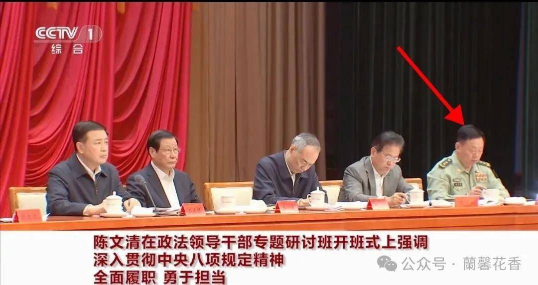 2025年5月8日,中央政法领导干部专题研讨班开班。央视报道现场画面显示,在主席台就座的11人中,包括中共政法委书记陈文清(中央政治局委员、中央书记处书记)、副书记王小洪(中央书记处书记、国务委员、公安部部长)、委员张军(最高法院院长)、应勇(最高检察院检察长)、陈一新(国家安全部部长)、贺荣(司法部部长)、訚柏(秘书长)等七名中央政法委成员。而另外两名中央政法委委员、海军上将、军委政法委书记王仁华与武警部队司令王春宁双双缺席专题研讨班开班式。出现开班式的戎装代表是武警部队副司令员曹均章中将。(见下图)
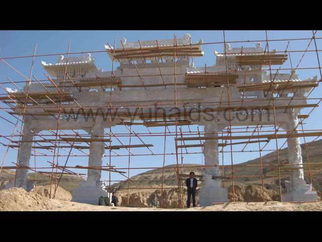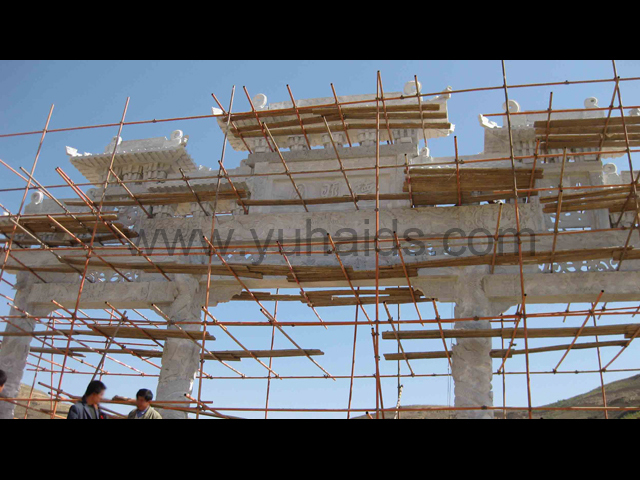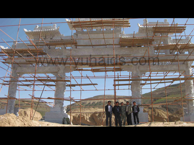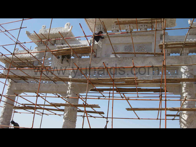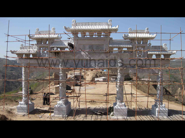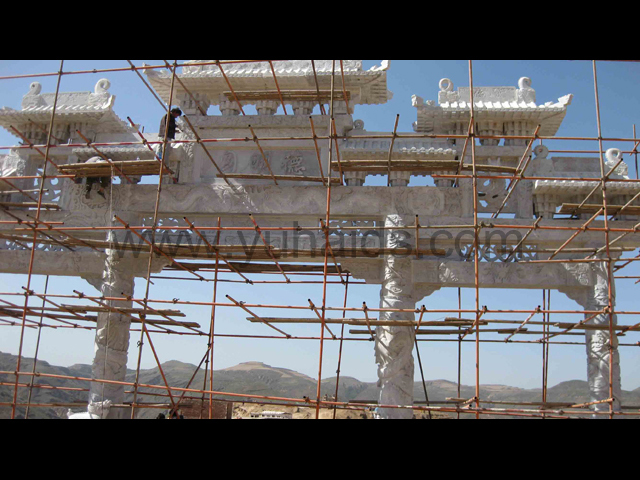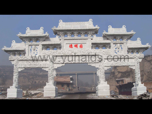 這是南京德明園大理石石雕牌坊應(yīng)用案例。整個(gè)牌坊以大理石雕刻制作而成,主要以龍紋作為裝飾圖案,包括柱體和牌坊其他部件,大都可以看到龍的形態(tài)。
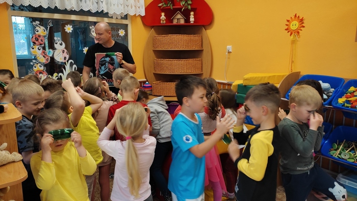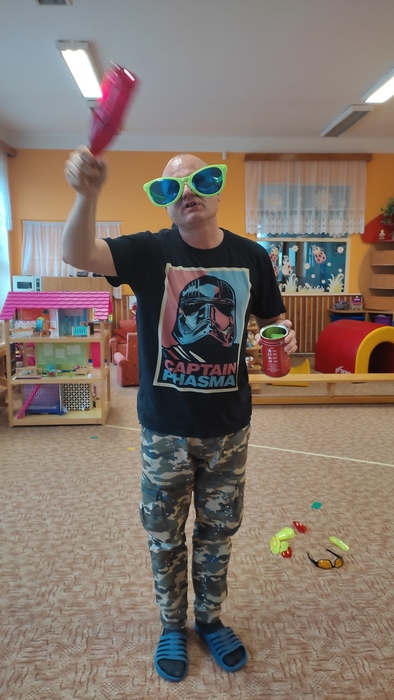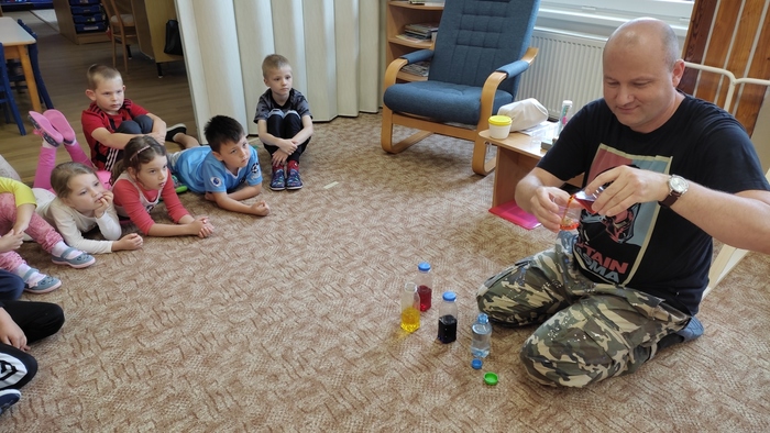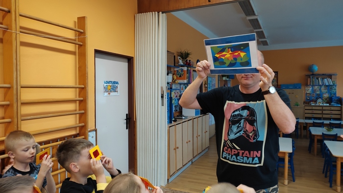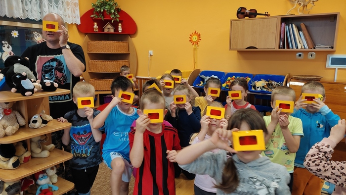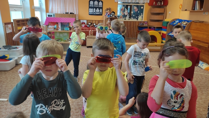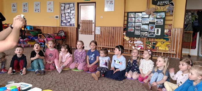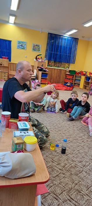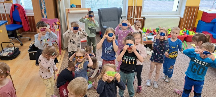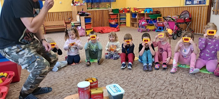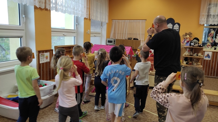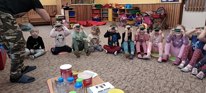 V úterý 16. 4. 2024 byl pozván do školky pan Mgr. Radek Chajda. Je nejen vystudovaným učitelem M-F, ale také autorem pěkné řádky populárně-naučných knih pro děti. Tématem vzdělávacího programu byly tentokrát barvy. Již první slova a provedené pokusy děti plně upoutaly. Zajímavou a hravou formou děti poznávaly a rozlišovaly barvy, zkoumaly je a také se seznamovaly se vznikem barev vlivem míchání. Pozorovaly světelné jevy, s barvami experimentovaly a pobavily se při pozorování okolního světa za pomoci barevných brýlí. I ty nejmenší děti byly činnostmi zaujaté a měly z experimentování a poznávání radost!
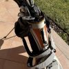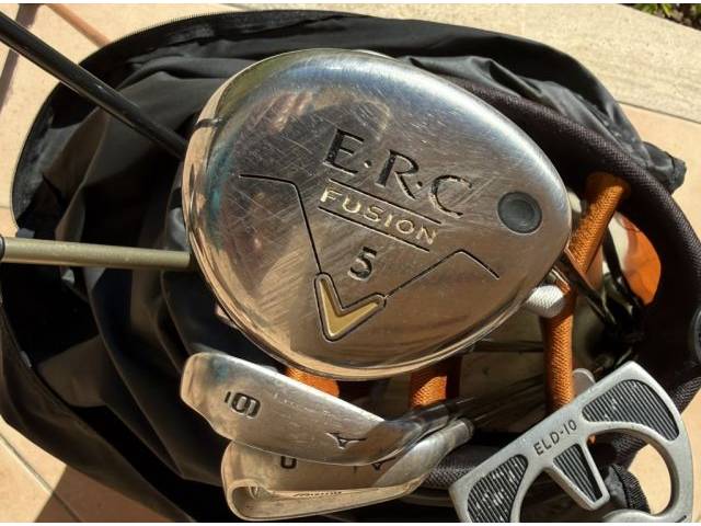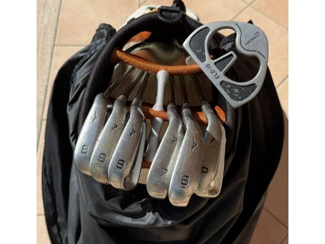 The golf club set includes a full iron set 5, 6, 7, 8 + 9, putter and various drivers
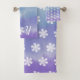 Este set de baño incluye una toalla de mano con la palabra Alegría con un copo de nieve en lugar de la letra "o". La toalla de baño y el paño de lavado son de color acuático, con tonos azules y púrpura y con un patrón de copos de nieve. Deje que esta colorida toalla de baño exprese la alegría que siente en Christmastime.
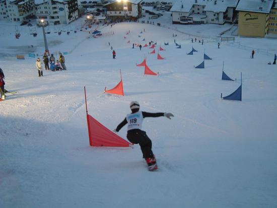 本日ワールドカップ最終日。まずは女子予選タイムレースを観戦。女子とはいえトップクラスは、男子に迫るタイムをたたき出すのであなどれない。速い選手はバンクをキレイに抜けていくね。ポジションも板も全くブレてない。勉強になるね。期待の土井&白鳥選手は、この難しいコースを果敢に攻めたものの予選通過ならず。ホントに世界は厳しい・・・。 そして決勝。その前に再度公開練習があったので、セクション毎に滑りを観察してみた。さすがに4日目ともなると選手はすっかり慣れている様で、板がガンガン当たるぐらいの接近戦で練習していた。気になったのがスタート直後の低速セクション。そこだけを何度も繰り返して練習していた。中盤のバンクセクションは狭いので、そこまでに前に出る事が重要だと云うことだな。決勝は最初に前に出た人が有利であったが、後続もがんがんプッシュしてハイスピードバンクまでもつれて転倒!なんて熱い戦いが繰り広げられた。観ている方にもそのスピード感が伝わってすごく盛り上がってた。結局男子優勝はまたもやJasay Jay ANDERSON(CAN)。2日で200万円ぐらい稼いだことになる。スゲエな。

++++++++++++++++++++

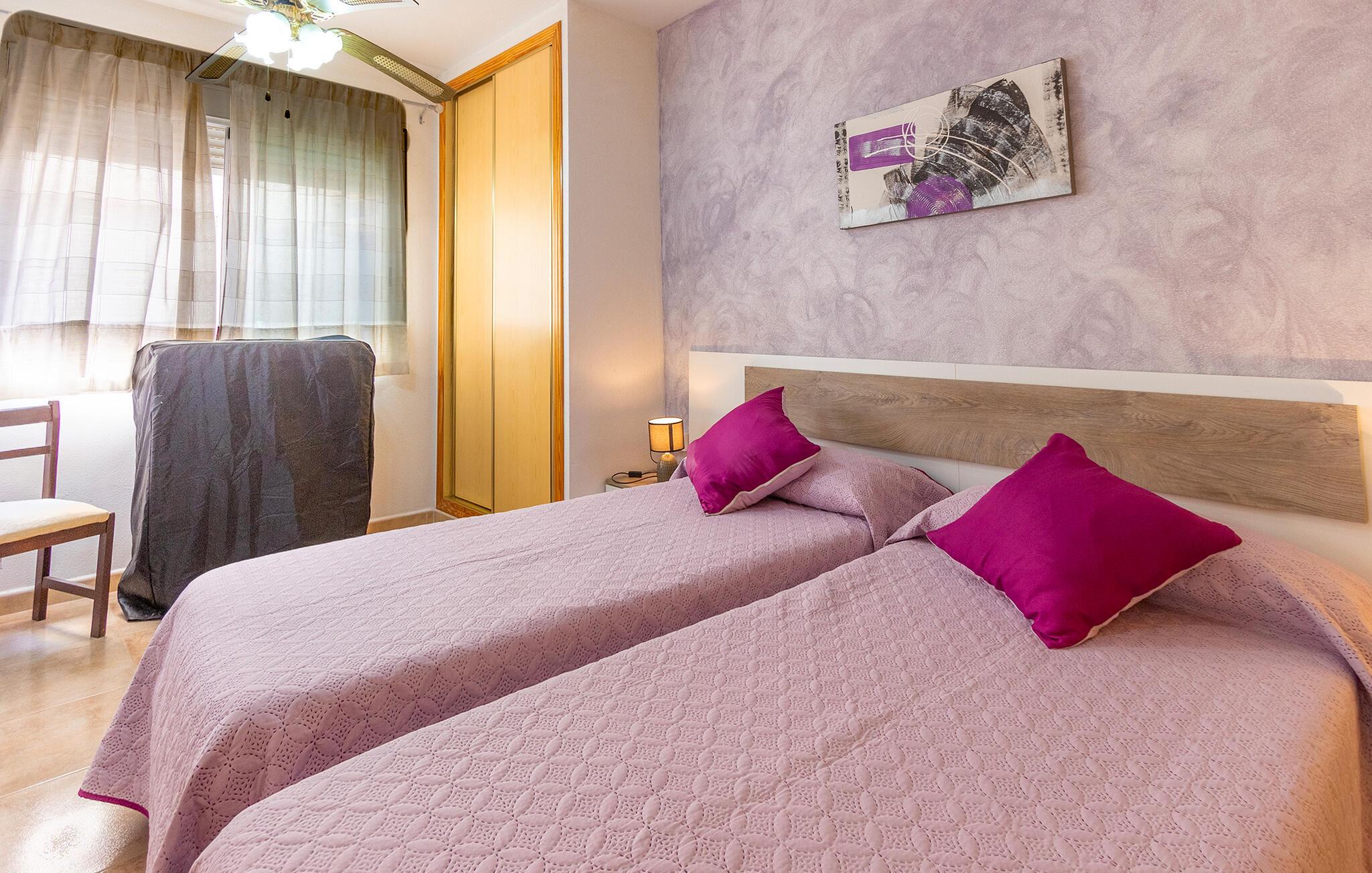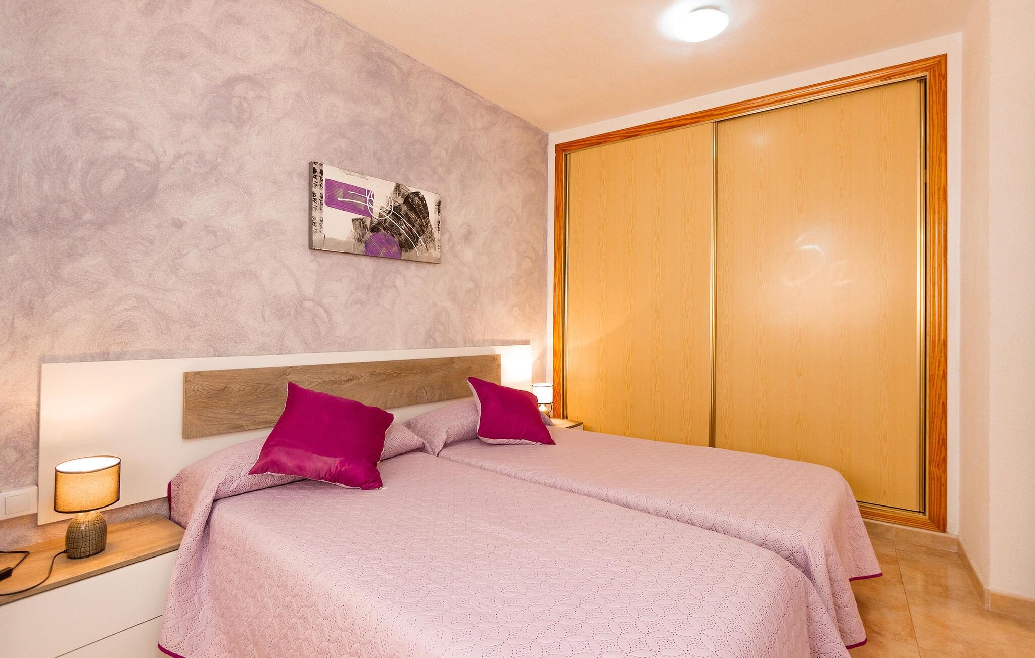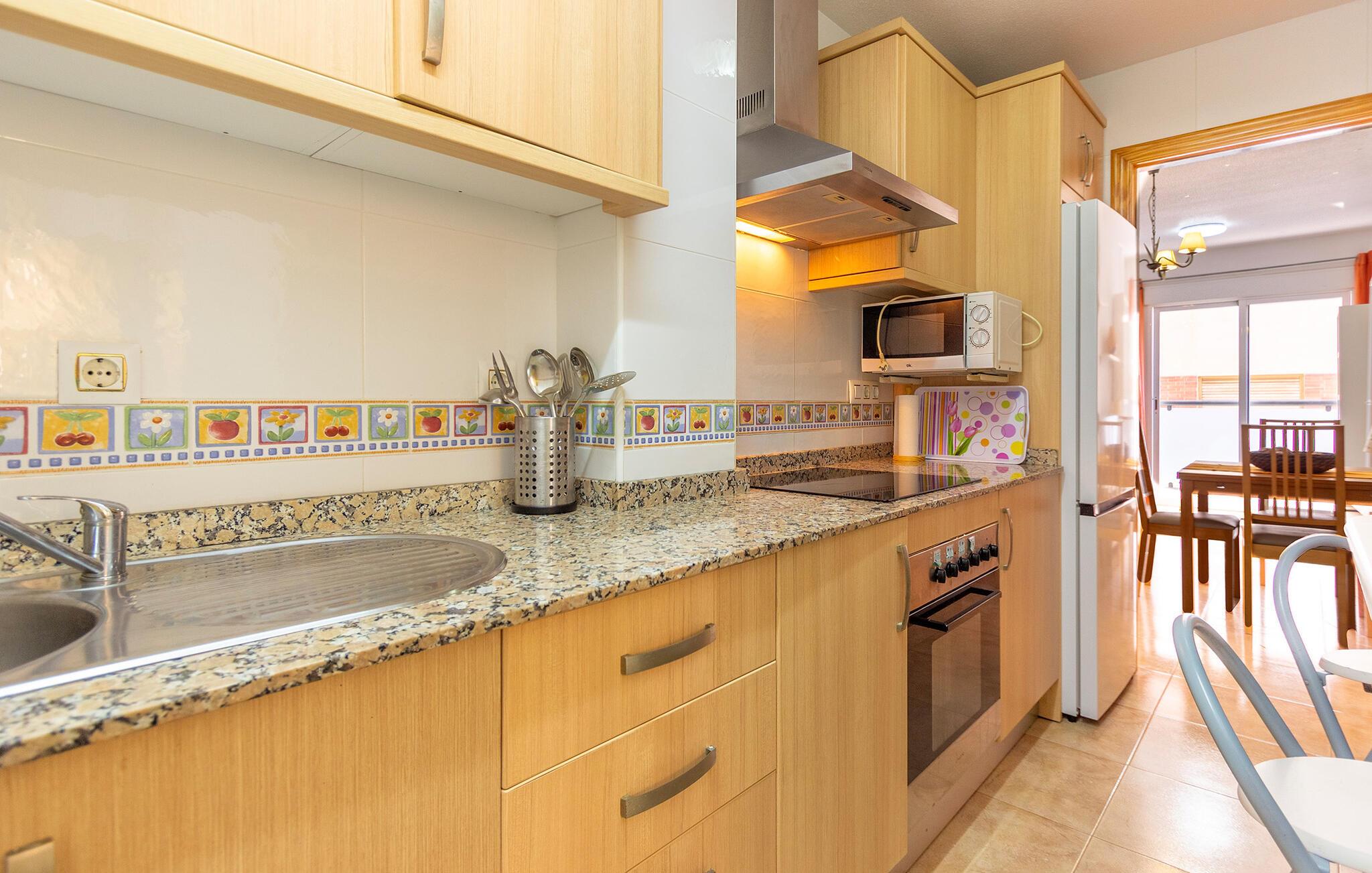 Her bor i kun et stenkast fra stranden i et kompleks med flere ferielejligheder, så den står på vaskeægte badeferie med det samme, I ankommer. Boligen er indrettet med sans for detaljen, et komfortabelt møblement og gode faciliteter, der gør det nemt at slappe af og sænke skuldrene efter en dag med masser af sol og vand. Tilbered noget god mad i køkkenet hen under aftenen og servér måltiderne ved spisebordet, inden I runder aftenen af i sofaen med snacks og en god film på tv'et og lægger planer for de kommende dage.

++++++++++++++++++++

**ACTION ITEM**
The response must repeat exactly the lines above from the one with "2025年5月8日,中央政法" through the one with "這是南京德明園大理石石雕牌坊", including both, and must contain no pictures and no other text.

**FINISHED EXERCISE**
 2025年5月8日,中央政法领导干部专题研讨班开班。央视报道现场画面显示,在主席台就座的11人中,包括中共政法委书记陈文清(中央政治局委员、中央书记处书记)、副书记王小洪(中央书记处书记、国务委员、公安部部长)、委员张军(最高法院院长)、应勇(最高检察院检察长)、陈一新(国家安全部部长)、贺荣(司法部部长)、訚柏(秘书长)等七名中央政法委成员。而另外两名中央政法委委员、海军上将、军委政法委书记王仁华与武警部队司令王春宁双双缺席专题研讨班开班式。出现开班式的戎装代表是武警部队副司令员曹均章中将。(见下图)
 這是南京德明園大理石石雕牌坊應(yīng)用案例。整個(gè)牌坊以大理石雕刻制作而成,主要以龍紋作為裝飾圖案,包括柱體和牌坊其他部件,大都可以看到龍的形態(tài)。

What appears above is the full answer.